Also, I would check the naming restrictions/ convention in tensorflow as they have name arg as well

ups, they don’t allow unicode: https://stackoverflow.com/questions/49237889/what-characters-are-allowed-in-tensorflow-variable-names

Yep, just looking at the same doc… Well that’s a bummer.

Yuck. But at least we have time to think out a solution to this for PyMC4.

Suggestion – this means we might want Arviz and other PyMC4 I/O pieces support some kind of rewriting for pretty display, so that we can keep our beloved Greek letters.

For example, Arviz could support pretty_dim and pretty_coord that would support unicode.

Alternatively, we could support some kind of markup in our names that would support LaTeX, since most of us know that. We’d have to figure out an alternative to \, but we could probably do that.
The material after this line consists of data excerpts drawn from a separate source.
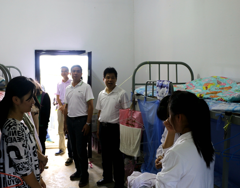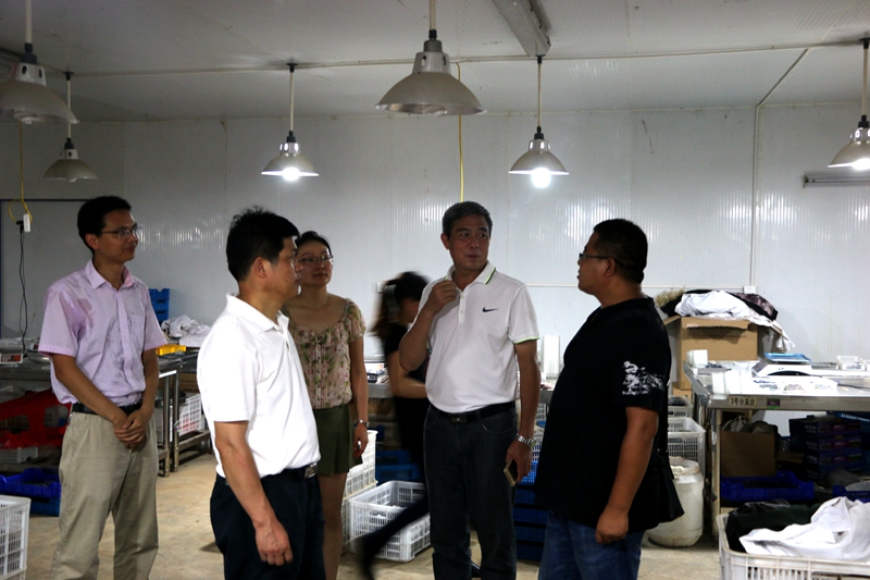 在徽王蓝莓有限公司相关负责人的陪同下,朱家存、蒋学波一行首先赴蓝莓种植园、加工车间看望了正在进行实践的同学们,亲自体验了种植、采摘蓝莓的过程,观摩了蓝莓加工的流程,并与实践团队全体师生进行了亲切的交谈。在交谈中,团队队员纷纷向领导老师们汇报了自己的实践感悟,有的因为改变而成长,有的抒发了浓浓的团队友谊情,还有的针对实践活动内容进行了深刻总结。
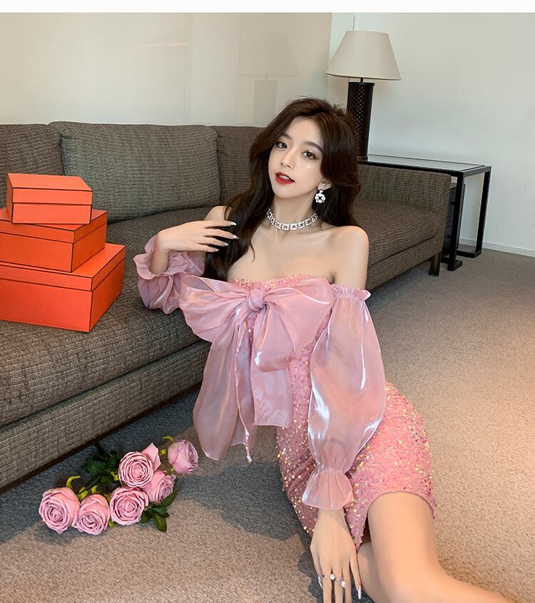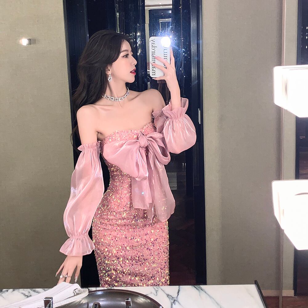 2023 夏セクシーなストラップレスストラップボウノットスリムフィットパッケージヒップドレスフレンチドレス女性のドレス リボン サマー 夏物 nana79152908195 | modepoisson
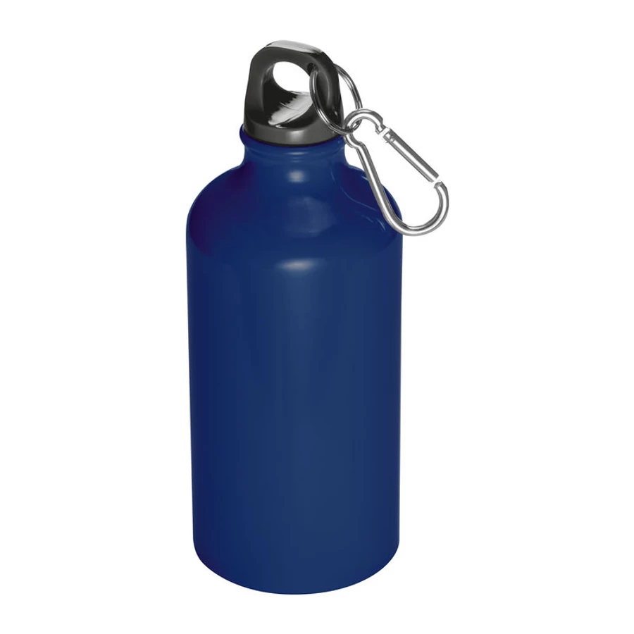 Egyrétegű, szivárgásmentes alumínium kulacs csavaros kupakkal és karabinerrel.
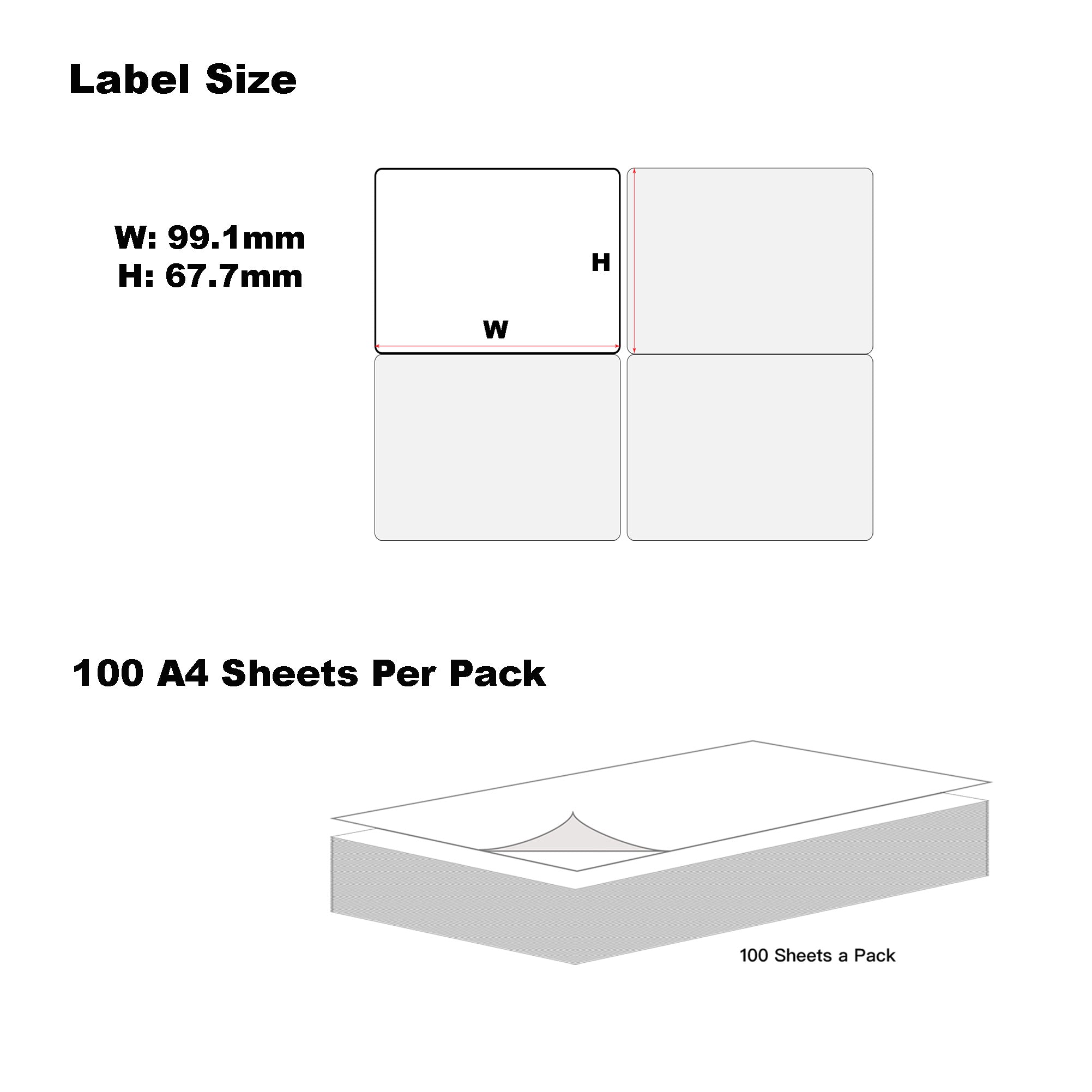 A4 Format Rectangle Labels 99.1 x 67.7mm 8 Labels Per Sheet

Another alternative would be to keep pretty names outside and have a systematic way to name tensor flow entities that would be predictable enough to help with debugging, but that would quarantine the tensorflow naming restrictions.

I don’t think we have to set the name argument of tf to our variable names. That might make debugging a bit harder under some circumstances, but I don’t think it has to stop us from allowing unicode.

In that case, I suggest coming up with some predictable map from our variable names to a more limited name that is acceptable to tf, but “predictable” to help us with debugging. Also, storing the name of the corresponding TF construct in our variable structure would be useful.